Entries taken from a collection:
* * * * * * * * *

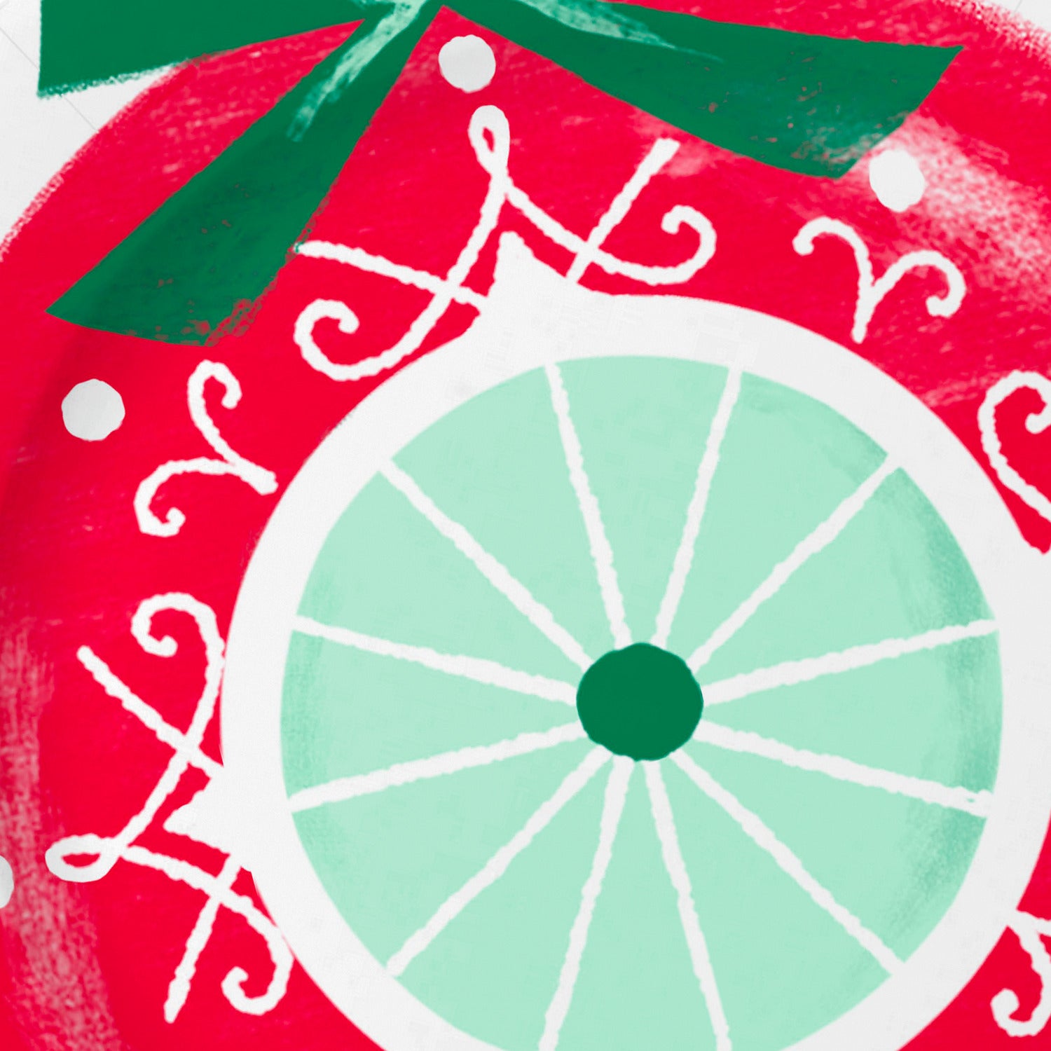 ホールマークのデザートプレートを並べれば、スイーツや前菜、軽食のテーブルにノスタルジックな楽しさが広がります。丸い紙皿には、鮮やかな赤にグリーンのアクセントが効いたレトロなオーナメントが描かれています。
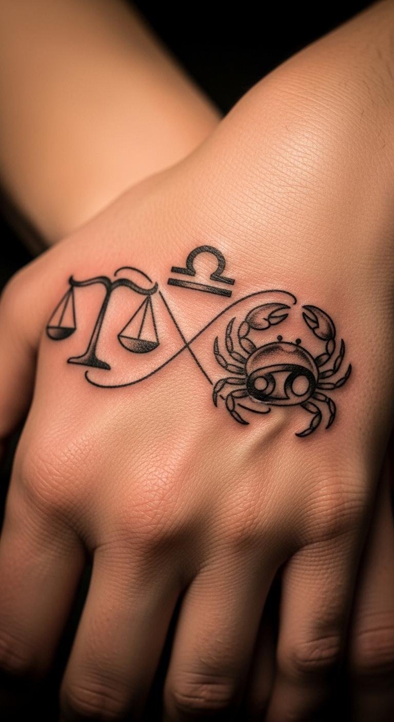 Pairing Libra with Cancer works for friends or couples. Draw both signs together on paper. Use free pairing ideas from apps. Look for duo deals at studios. Add a heart link. Place on matching spots. Try temporary versions first. It’s a shared experience that’s affordable.
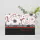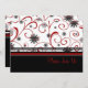 Les invitations à la fête du Nouvel An sont en noir, blanc et rouge élégant, avec d'élégants tourbillons rouges et des flocons de neige noirs, entièrement personnalisables avec les détails de votre fête.
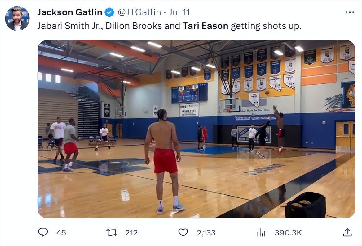 三天之前,小贾巴里史密斯、伊森、狄龙三人曾一同合训,这个夏天伊森、小史密斯几乎都在一起苦练,这两人的肌肉维度明显增加。
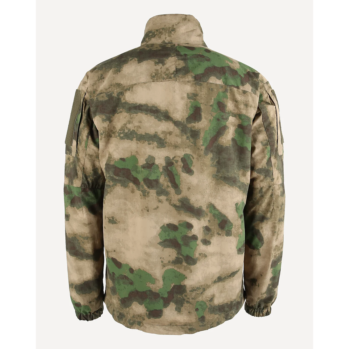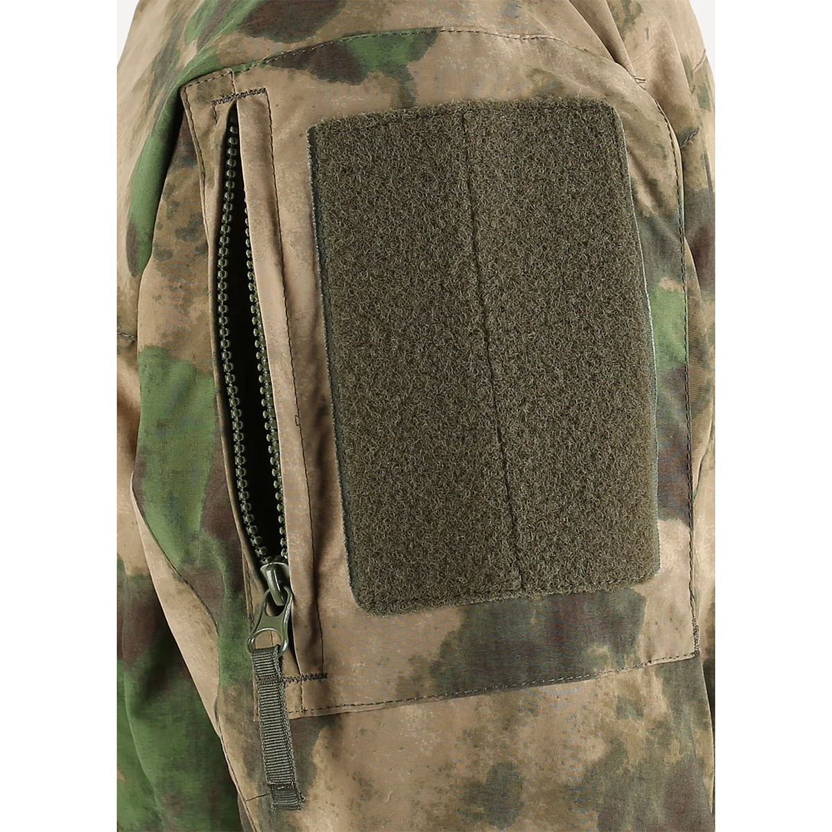 - Нарукавные карманы со входом на вертикальной молнии, снаружи молния прикрыта узкими симметричными планками. Тонкий профиль. Сзади имеется складка для объема. Липучки для крепления шевронов (10×15 см).
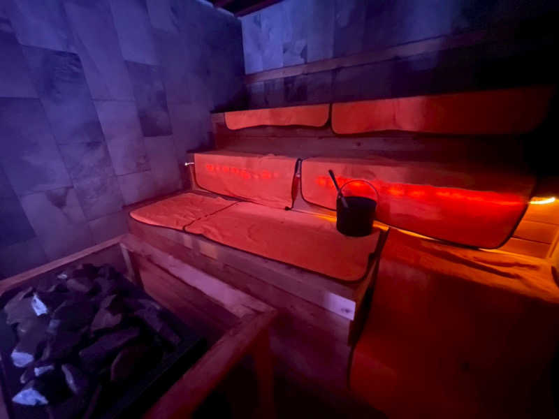 熱い方、中々骨がある。セルフロウリュ一杯でも結構熱い。夜はここで熱波イベントがあるとか。
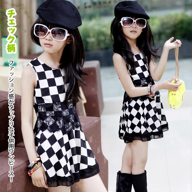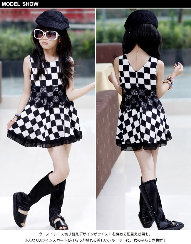 ホワイトとブラックのチェック柄の相性が絶妙で、ちょっと大人っぽい感じを♪ ファッション感がタップリな子供用ワンピース! ウエストレース切り替えデザインがウエストを締めて細見え効果も。 ふんわりAラインスカートがひらっと揺れる美しいシルエットに、女の子らしさ抜群! シフォン素材は爽やかで着心地もいい。 涼しげな夏らしい気分を盛り上げます。 普段着はもちろん、発表会や結婚式などのフォーマルの場合もオススメ☆ | |
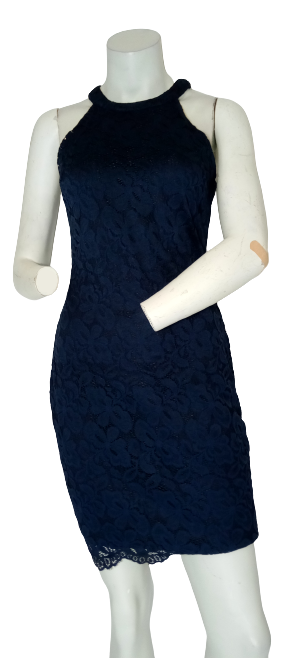 Measeor lace covered flowers dress navy

* * * * * * * * *

## Task objective:
When you transcribe the entries above, keep every word exact and leave out the pictures.

## Written solution:
 ホールマークのデザートプレートを並べれば、スイーツや前菜、軽食のテーブルにノスタルジックな楽しさが広がります。丸い紙皿には、鮮やかな赤にグリーンのアクセントが効いたレトロなオーナメントが描かれています。
 Pairing Libra with Cancer works for friends or couples. Draw both signs together on paper. Use free pairing ideas from apps. Look for duo deals at studios. Add a heart link. Place on matching spots. Try temporary versions first. It’s a shared experience that’s affordable.
 Les invitations à la fête du Nouvel An sont en noir, blanc et rouge élégant, avec d'élégants tourbillons rouges et des flocons de neige noirs, entièrement personnalisables avec les détails de votre fête.
 三天之前,小贾巴里史密斯、伊森、狄龙三人曾一同合训,这个夏天伊森、小史密斯几乎都在一起苦练,这两人的肌肉维度明显增加。
 - Нарукавные карманы со входом на вертикальной молнии, снаружи молния прикрыта узкими симметричными планками. Тонкий профиль. Сзади имеется складка для объема. Липучки для крепления шевронов (10×15 см).
 熱い方、中々骨がある。セルフロウリュ一杯でも結構熱い。夜はここで熱波イベントがあるとか。
 ホワイトとブラックのチェック柄の相性が絶妙で、ちょっと大人っぽい感じを♪ ファッション感がタップリな子供用ワンピース! ウエストレース切り替えデザインがウエストを締めて細見え効果も。 ふんわりAラインスカートがひらっと揺れる美しいシルエットに、女の子らしさ抜群! シフォン素材は爽やかで着心地もいい。 涼しげな夏らしい気分を盛り上げます。 普段着はもちろん、発表会や結婚式などのフォーマルの場合もオススメ☆ | |
 Measeor lace covered flowers dress navy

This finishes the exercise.